Nonprofitable organization

The ASPIRA Association is an American nonprofit organization whose mission is to "empower the Latino community through advocacy and the education and leadership development of its youth". ASPIRA's national office is in Washington, D.C., and it has affiliates in Connecticut, Delaware, Florida, Illinois, Massachusetts, New Jersey, New York, Pennsylvania, and Puerto Rico. It is one of the largest national Latino nonprofit organizations in the United States.

Former ASPIRA club members, or ASPIRANTES, as they are known, include ACLU's Anthony Romero, former Bronx Borough President and New York City democratic mayoral nominee Fernando Ferrer, Illinois politician Billy Ocasio and actor Jimmy Smits.

== History ==
ASPIRA was founded in New York City in 1961 by Dr. Antonia Pantoja to combat the exorbitant dropout rate among Puerto Rican high school youth. It expanded nationally in 1968 as ASPIRA of America—today known as the ASPIRA Association.

== ASPIRA of New York ==
Aspira of New York operates youth development clubs, dropout prevention initiatives and after school programs which serve more than 8,000 young people each year in the five boroughs of New York City and Nassau and Suffolk counties.

ASPIRA of New York, with the support of ASPIRA of America and the representation of the Puerto Rican Legal Defense and Education Fund, filed a suit against the New York City Board of Education in 1972 that led to the ASPIRA Consent Decree. The decree, signed August 29, 1974, established the right of New York City public school students with limited English proficiency to receive bilingual education.

== ASPIRA of Pennsylvania ==
ASPIRA's Pennsylvania affiliate was founded in 1969 and operates several community-based programs and five charter schools - Antonia Pantoja, Eugenio Maria De Hostos, Stetson Charter School, Aspira Bilingual Cyber Charter School and Olney Charter High School. Stetson and Olney are both Renaissance turnarounds - district schools for which the School District of Philadelphia contracts the operations to ASPIRA. ASPIRA of Pennsylvania also controls a property management company, Aspira Community Enterprises, which in turn controls ACE/Dougherty LLC.
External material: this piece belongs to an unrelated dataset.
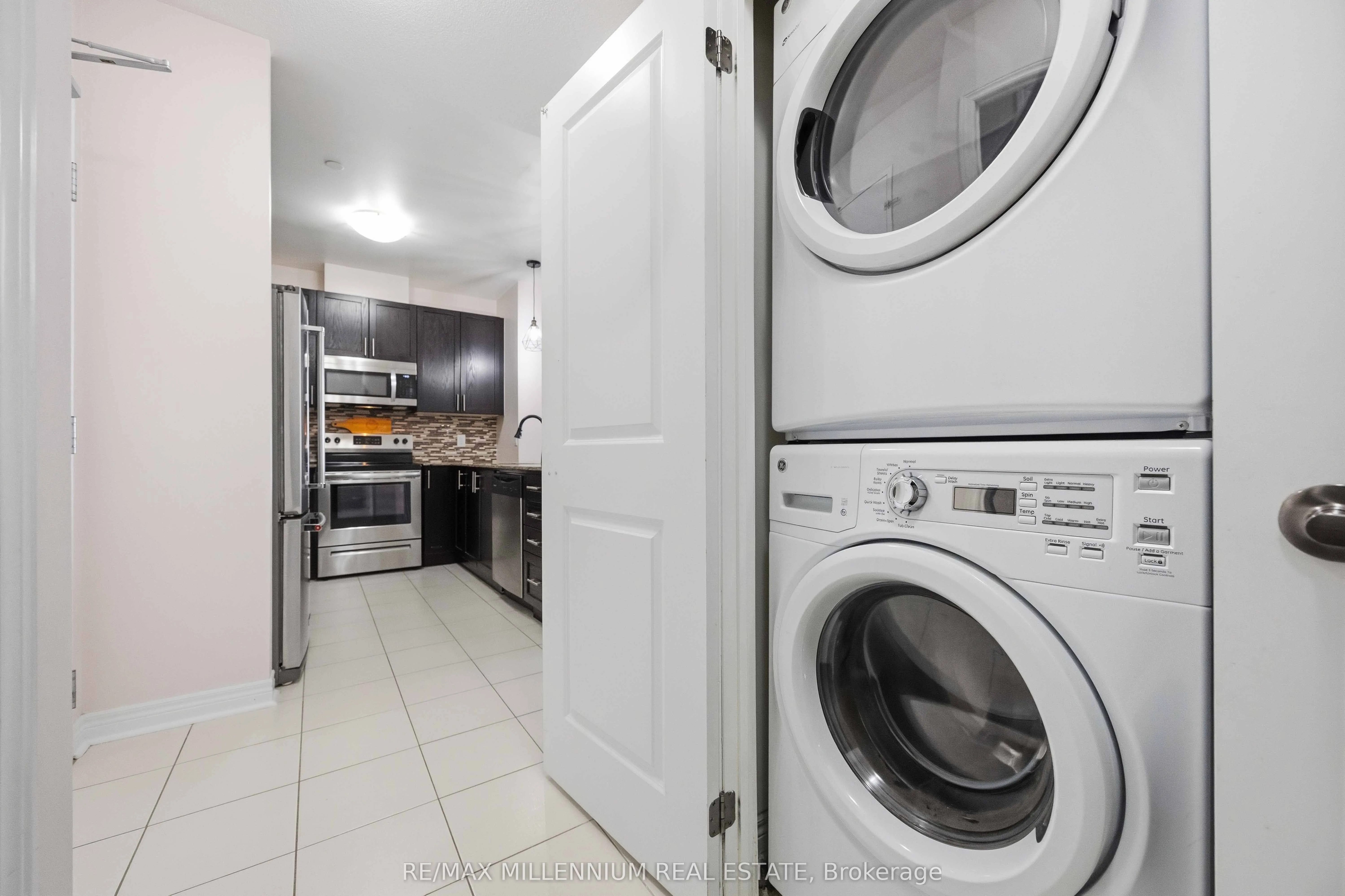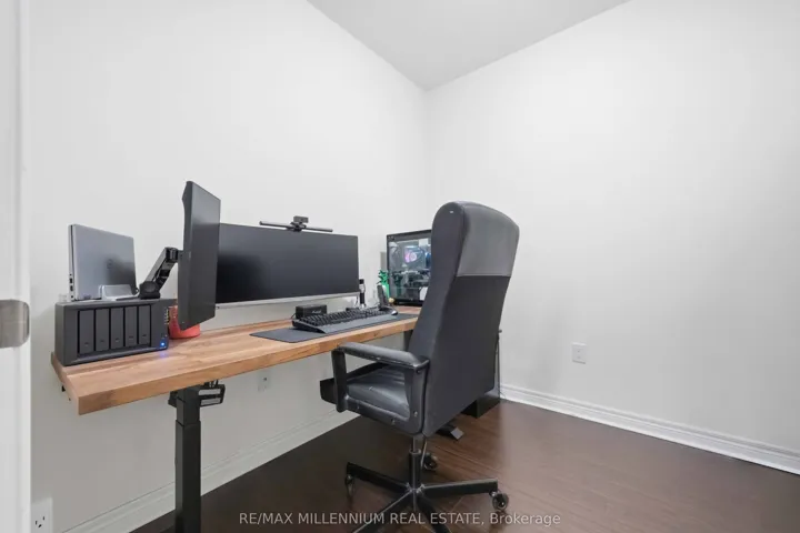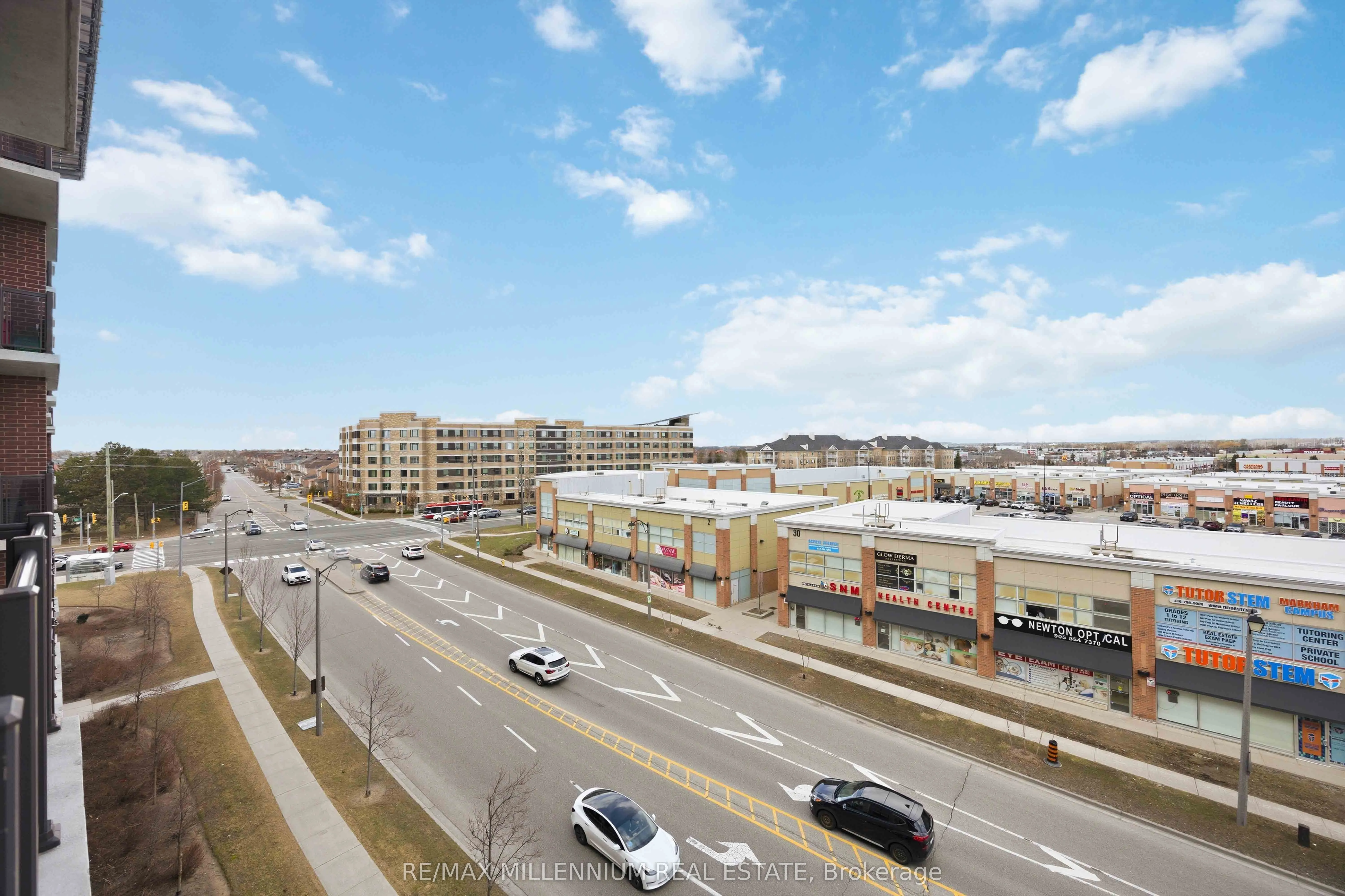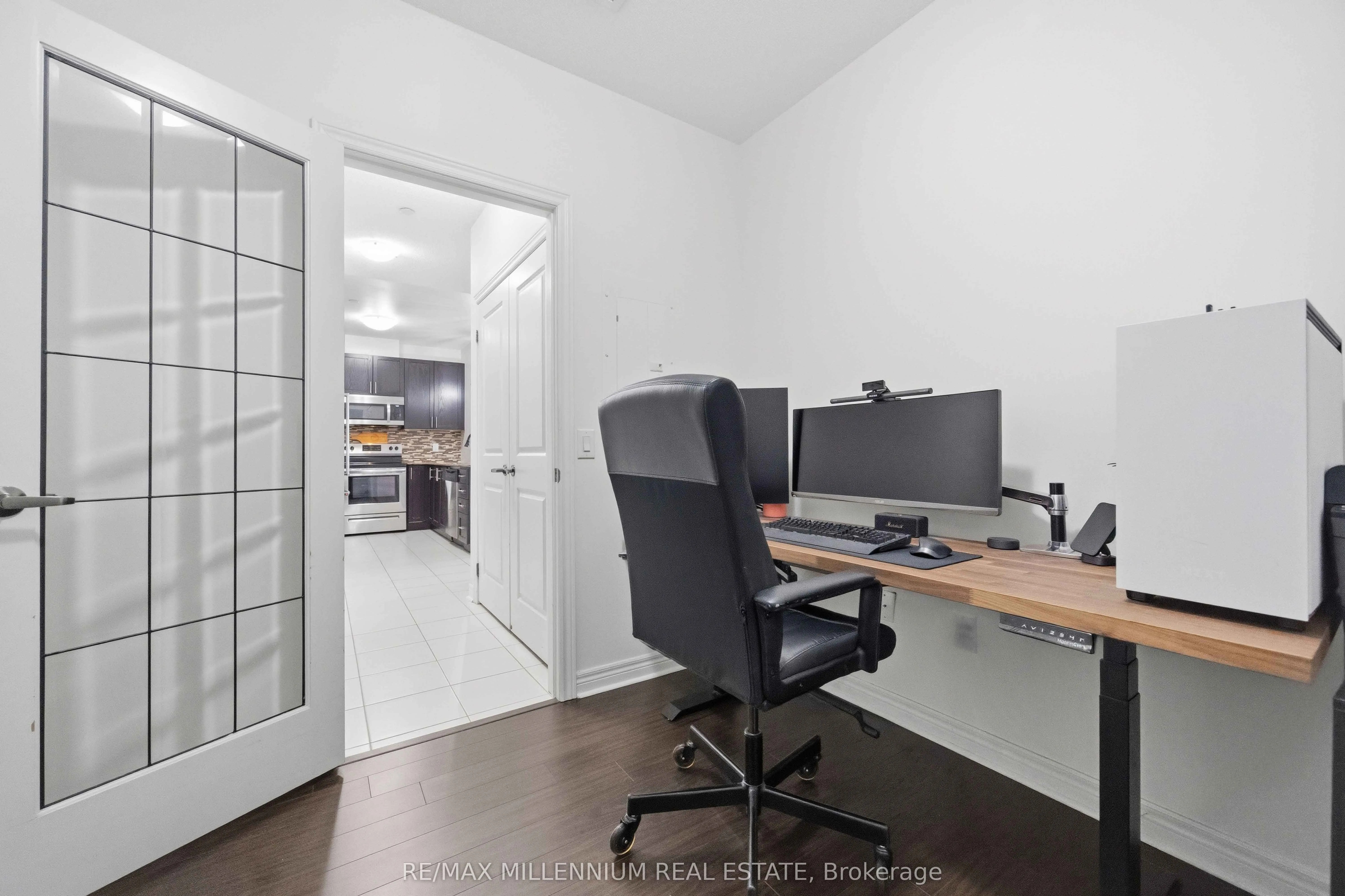 This home provides the perfect blend of comfort and convenience in this bright and spacious 2 bedroom plus enclosed den, 2 bathroom suite offering over 1000 sq ft of functional living space with 2 parking spots. Located on the 5th floor, this well maintained unit features a smart layout with no wasted space and an abundance of natural light throughout.The fully enclosed den offers incredible flexibility and can easily function as a third bedroom, home office, or guest space. The open concept living and dining area flows seamlessly into a modern kitchen complete with granite countertops, backsplash, and stainless steel appliances. Laminate flooring runs throughout the unit with no carpet, creating a clean and cohesive feel. Step out onto your open north facing balcony and enjoy unobstructed views, adding to the sense of space and privacy. This unit also includes the rare convenience of two parking spots, one underground and one surface, along with a locker for additional storage. Situated in a well managed green building known for its energy efficiency, residents benefit from lower than average maintenance fees without compromising on space or comfort. Ideally located near Markham and Denison, with easy access to Highway 407, public transit, schools, library, shopping, and everyday essentials. An excellent opportunity for first time buyers, down sizers, or anyone looking for a spacious and affordable option in a prime Markham location.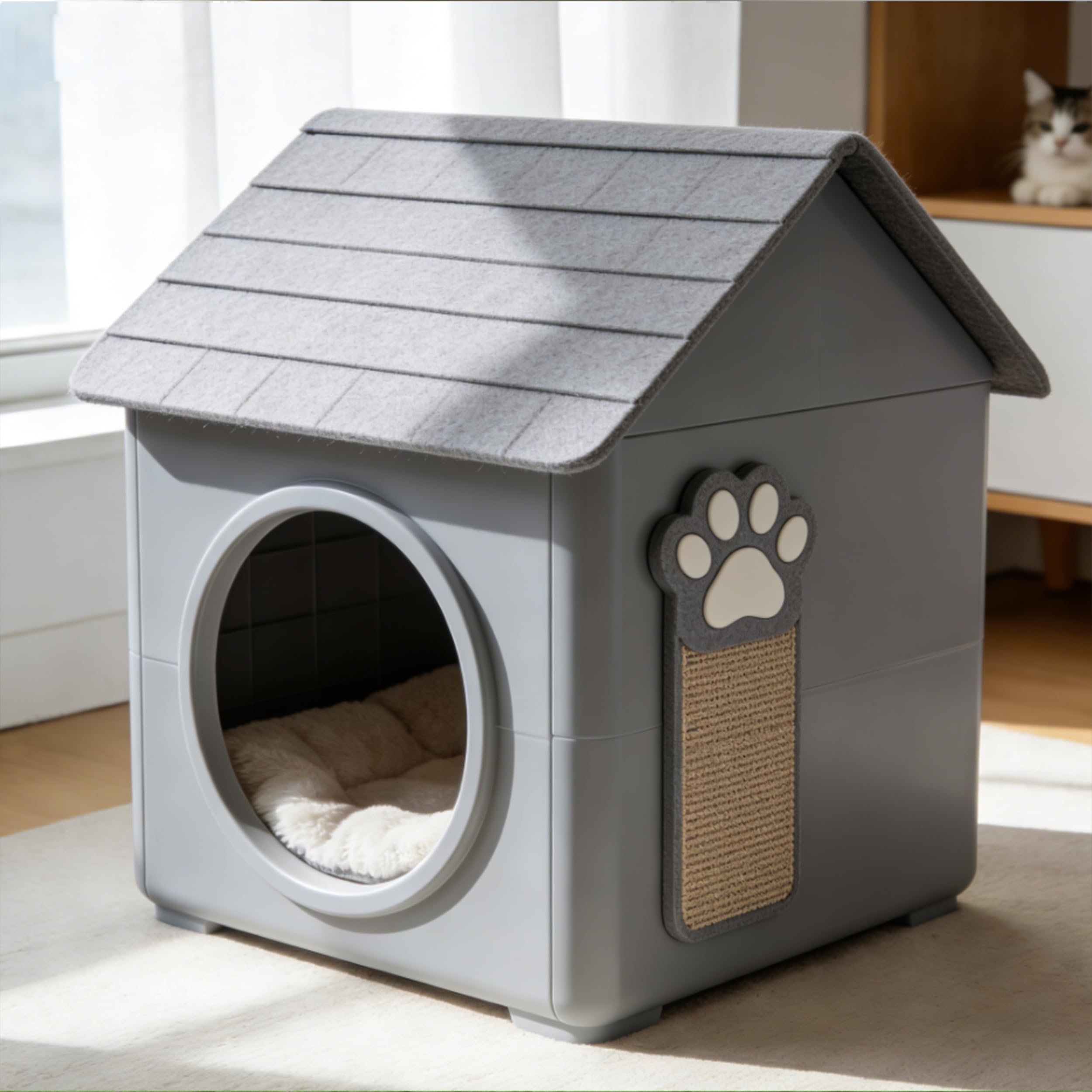 室内外兼用プラスチック製猫小屋、広々とした設計で組み立て簡単

The schools pay ASPIRA as the charter operator set management fees and rent. In addition, the schools also loan ASPIRA money. According to an independent audit, ASPIRA owes the publicly funded schools a total of $3.3 million as of June 30, 2012. Despite this fact, the School Reform Commission (the group that controls the School District of Philadelphia) voted in May 2013 to renew the charters for Pantoja and De Hostos.

During the course of their anti-union campaign at Olney, Aspira of Pennsylvania has been accused of violating the National Labor Relations Act. Specific allegations include holding unlawful interrogations of teachers, the circulation of anti-union literature, and the singling out of union supporters for pre-textual discipline. A complaint filed before the National Labor Relations Board also alleges that ASPIRA of Pennsylvania has threatened to lay off teachers "as a direct result of union organizing." A third complaint alleges that a discipline policy introduced in December 2013 would restrict employees abilities to communicate with one another. A fourth complaint filed in January 2014 concerns a social media policy that bars workers from disparaging Aspira of Pennsylvania on social media.

In August 2013, the National Labor Relations Board (NLRB) ruled in favor of the teachers and found that Olney's principal and assistant principals had interrogated and threatened teachers. Olney High School and John Stetson both returned to the School District of Philadelphia and their faculties were absorbed into the Philadelphia Federation of Teachers.

== ASPIRA of Illinois ==
ASPIRA of Illinois operates three charter high schools and one charter middle school. The board of directors voted 5-4 to fire its CEO in March 2012 due to low test scores - Aspira of Illinois student test scores were lower than averages for the Chicago Public Schools for at least six years in a row.

== Bibliography ==
- DeSipio, Louis, and Adrian D. Pantoja (2004). "Puerto Rican Exceptionalism? A Comparative Analysis of Puerto Rican, Mexican, Salvadoran and Dominican Transnational Civic and Political Ties" (Paper delivered at The Project for Equity Representation and Governance Conference entitled "Latino Politics: The State of the Discipline," Bush Presidential Conference Center, Texas A&M University in College Station, TX, April 30 – May 1, 2004)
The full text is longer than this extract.